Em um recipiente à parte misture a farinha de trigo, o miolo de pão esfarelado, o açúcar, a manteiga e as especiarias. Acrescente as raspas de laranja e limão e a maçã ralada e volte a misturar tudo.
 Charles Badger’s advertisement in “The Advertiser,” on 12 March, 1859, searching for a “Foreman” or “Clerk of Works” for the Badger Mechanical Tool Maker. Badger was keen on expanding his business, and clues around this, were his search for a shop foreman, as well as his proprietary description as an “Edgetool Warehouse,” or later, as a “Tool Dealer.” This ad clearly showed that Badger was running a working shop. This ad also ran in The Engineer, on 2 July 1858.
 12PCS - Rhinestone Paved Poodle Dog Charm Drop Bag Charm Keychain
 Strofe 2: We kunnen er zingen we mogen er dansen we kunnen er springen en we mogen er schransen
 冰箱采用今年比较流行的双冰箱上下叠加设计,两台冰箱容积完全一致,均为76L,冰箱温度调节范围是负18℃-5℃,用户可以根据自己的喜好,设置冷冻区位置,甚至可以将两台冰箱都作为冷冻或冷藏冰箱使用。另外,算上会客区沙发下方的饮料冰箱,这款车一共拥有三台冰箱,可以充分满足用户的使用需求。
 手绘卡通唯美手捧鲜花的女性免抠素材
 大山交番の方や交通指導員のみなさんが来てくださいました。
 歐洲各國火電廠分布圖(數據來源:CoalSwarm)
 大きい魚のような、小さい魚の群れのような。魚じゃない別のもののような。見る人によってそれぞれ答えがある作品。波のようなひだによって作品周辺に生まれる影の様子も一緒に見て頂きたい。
* * *
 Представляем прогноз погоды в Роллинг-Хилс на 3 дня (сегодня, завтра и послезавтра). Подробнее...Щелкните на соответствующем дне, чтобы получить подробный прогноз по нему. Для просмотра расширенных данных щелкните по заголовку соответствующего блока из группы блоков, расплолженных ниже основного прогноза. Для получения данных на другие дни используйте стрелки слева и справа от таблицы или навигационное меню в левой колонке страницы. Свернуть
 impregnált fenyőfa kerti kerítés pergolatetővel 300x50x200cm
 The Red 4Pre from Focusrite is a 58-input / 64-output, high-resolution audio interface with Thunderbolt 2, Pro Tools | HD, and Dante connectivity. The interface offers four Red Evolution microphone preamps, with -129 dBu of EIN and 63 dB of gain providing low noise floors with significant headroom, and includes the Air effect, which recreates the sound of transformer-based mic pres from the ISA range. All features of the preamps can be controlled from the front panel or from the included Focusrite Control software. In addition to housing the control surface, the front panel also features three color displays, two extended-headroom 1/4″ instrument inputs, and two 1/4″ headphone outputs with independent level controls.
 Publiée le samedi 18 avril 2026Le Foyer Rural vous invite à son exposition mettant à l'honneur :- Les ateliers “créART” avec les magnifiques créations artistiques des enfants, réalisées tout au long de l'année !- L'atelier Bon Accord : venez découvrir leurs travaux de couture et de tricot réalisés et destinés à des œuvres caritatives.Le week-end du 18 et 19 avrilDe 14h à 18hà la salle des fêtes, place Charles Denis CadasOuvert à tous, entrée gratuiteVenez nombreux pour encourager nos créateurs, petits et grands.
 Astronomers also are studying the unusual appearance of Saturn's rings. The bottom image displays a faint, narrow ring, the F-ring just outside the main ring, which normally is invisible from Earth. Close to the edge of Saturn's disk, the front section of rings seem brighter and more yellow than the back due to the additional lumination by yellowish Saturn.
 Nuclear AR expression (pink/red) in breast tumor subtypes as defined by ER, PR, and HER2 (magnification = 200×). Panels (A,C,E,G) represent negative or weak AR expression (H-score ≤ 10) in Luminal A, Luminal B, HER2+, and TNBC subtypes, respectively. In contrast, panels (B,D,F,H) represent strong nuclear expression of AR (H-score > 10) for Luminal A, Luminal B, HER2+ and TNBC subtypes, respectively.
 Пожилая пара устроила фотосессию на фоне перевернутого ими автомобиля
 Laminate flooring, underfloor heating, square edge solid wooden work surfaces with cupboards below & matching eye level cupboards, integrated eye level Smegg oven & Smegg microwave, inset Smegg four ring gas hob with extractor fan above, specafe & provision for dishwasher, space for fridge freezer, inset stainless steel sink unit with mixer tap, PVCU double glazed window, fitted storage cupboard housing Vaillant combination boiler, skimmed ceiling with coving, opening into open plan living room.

**What is expected**
Each line above from the one with "Представляем прогноз погоды" up to and including the one with "impregnált fenyőfa kerti" must be set down exactly, and no line outside that span may appear.

**Answer area**
 Представляем прогноз погоды в Роллинг-Хилс на 3 дня (сегодня, завтра и послезавтра). Подробнее...Щелкните на соответствующем дне, чтобы получить подробный прогноз по нему. Для просмотра расширенных данных щелкните по заголовку соответствующего блока из группы блоков, расплолженных ниже основного прогноза. Для получения данных на другие дни используйте стрелки слева и справа от таблицы или навигационное меню в левой колонке страницы. Свернуть
 impregnált fenyőfa kerti kerítés pergolatetővel 300x50x200cm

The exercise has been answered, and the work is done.